# TASK TO COMPLETE
Omit all pictures. Print the remaining lines exactly, from the start of the data through the line containing "但是,我们并不能每次都看到I".

# INPUT MATERIAL

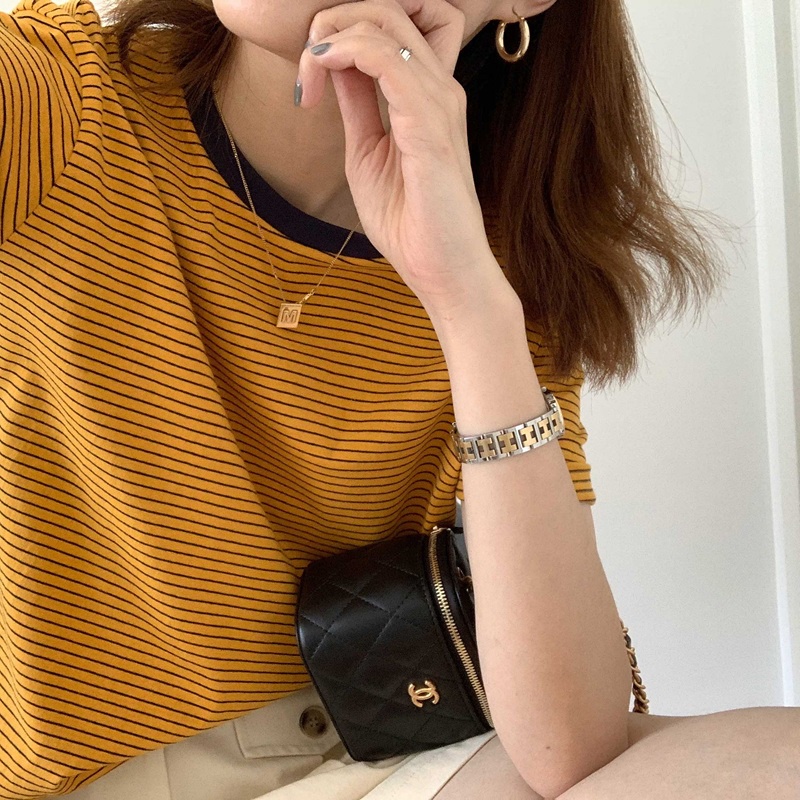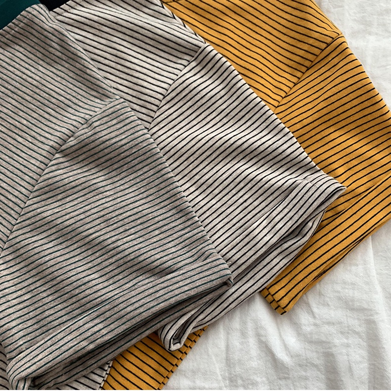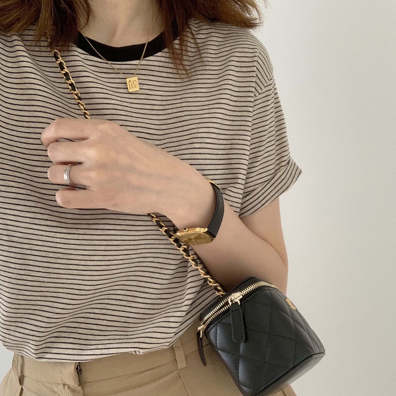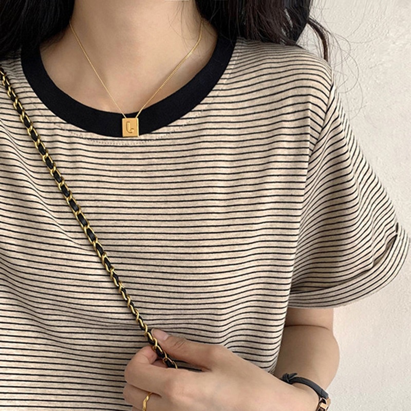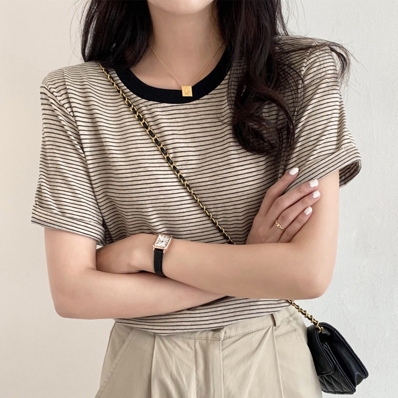 SUXI Áo Thun Nữ Ngắn Tay Cổ Tròn Sọc Ngang Thời Trang
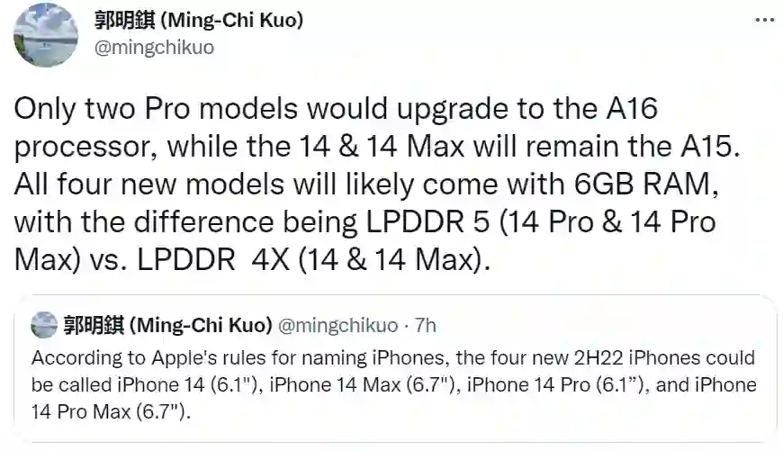 郭明錤还透露称,iPhone 14 Pro 和 iPhone 14 Pro Max 将会采用 6GB LPDDR5 内存,标准版的 iPhone 14 和 iPhone 14 Max 将会采用 6GB LPDDR4 内存。
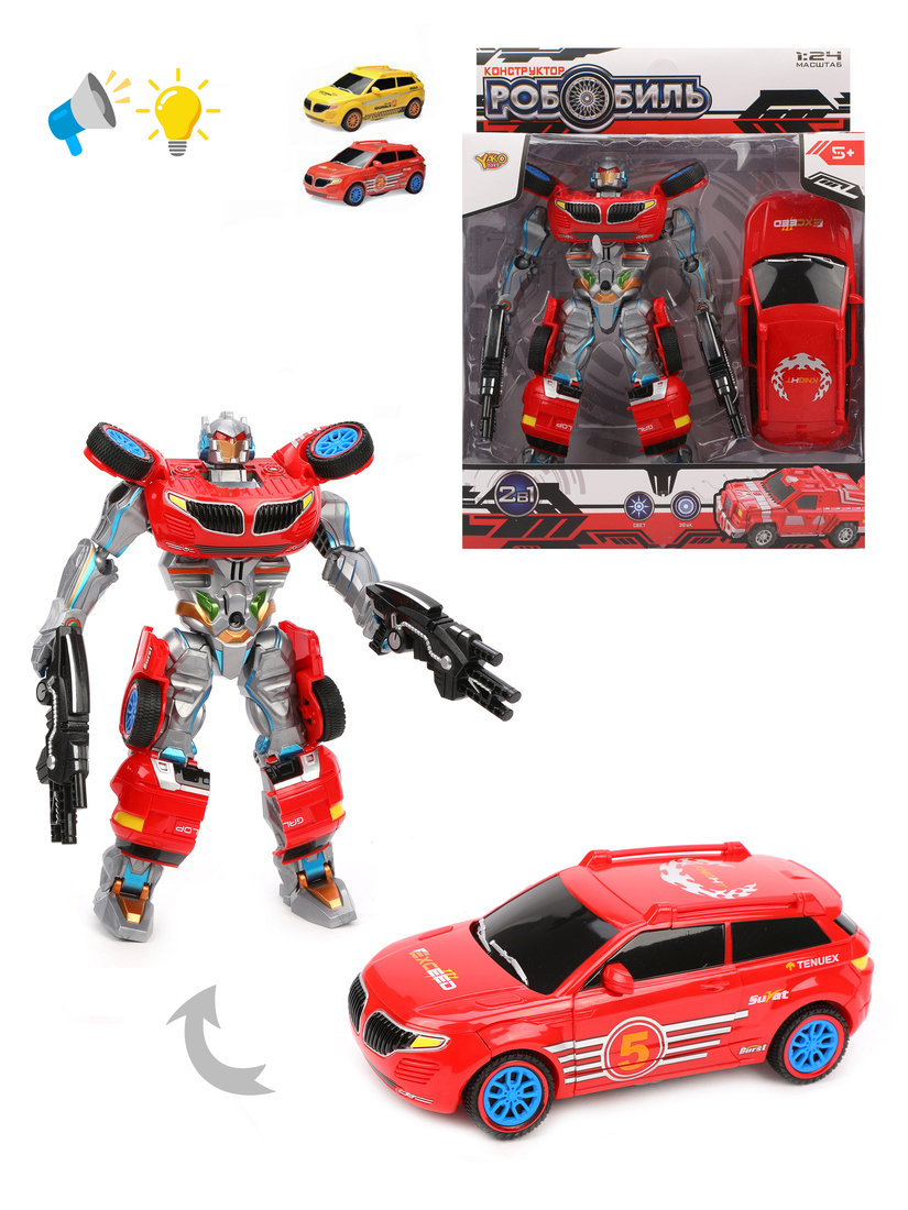 Игровой набор Робот-трансформер, свет, звук, в комплекте предметов 3шт.,тестовые элементы питания LR41*3 шт., коробка, в ассортименте
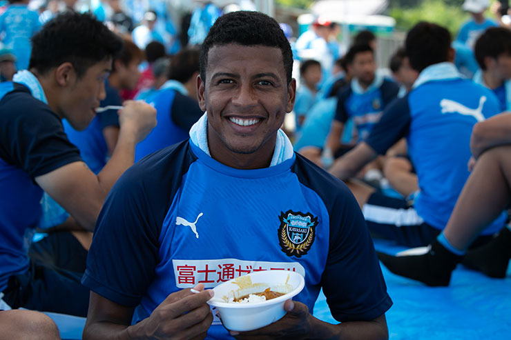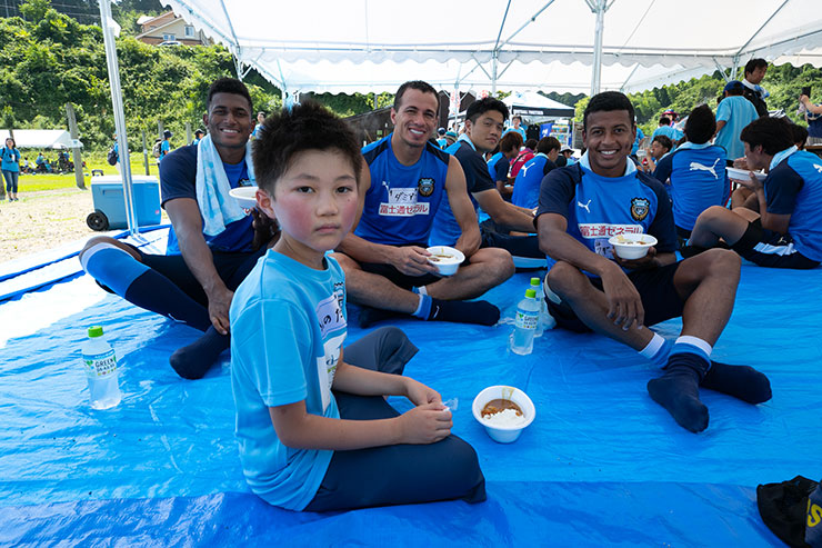選手達と子ども達が一緒に食べて交流し、サッカーをした後のカレーはあっという間にペロリ! 大人も子ども大好きなカレーは「おかわりありますか?」と来る選手達もいるほどで、参加した子ども達以外にも保護者の方々や関係者の皆さんも合わせて用意した200人分は完食でした!
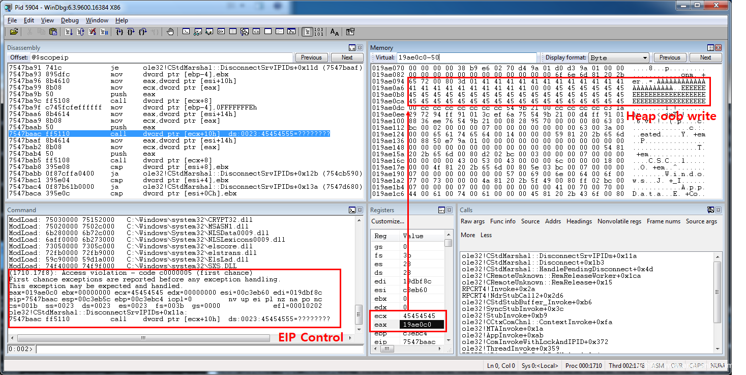 但是,我们并不能每次都看到IRpcStubBuffer分配在同一个堆上。因此,攻击者可能需要多次尝试来构造堆布局。经过几次尝试后,发现IRpcStubBuffer对象可以被以下可控值(0x45454545)覆盖。
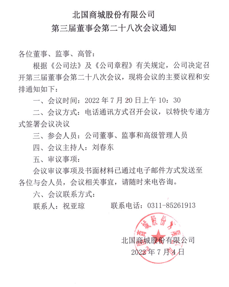 北國(guó)商城股份有限公司第三屆董事會(huì)第二十八次會(huì)議通知
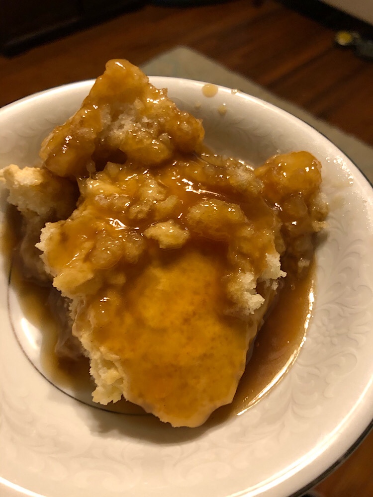 It’s not pretty but the sauce on the bottom turns into caramel and the cake just soaks it in.

# TASK OUTPUT
 SUXI Áo Thun Nữ Ngắn Tay Cổ Tròn Sọc Ngang Thời Trang
 郭明錤还透露称,iPhone 14 Pro 和 iPhone 14 Pro Max 将会采用 6GB LPDDR5 内存,标准版的 iPhone 14 和 iPhone 14 Max 将会采用 6GB LPDDR4 内存。
 Игровой набор Робот-трансформер, свет, звук, в комплекте предметов 3шт.,тестовые элементы питания LR41*3 шт., коробка, в ассортименте
選手達と子ども達が一緒に食べて交流し、サッカーをした後のカレーはあっという間にペロリ! 大人も子ども大好きなカレーは「おかわりありますか?」と来る選手達もいるほどで、参加した子ども達以外にも保護者の方々や関係者の皆さんも合わせて用意した200人分は完食でした!
 但是,我们并不能每次都看到IRpcStubBuffer分配在同一个堆上。因此,攻击者可能需要多次尝试来构造堆布局。经过几次尝试后,发现IRpcStubBuffer对象可以被以下可控值(0x45454545)覆盖。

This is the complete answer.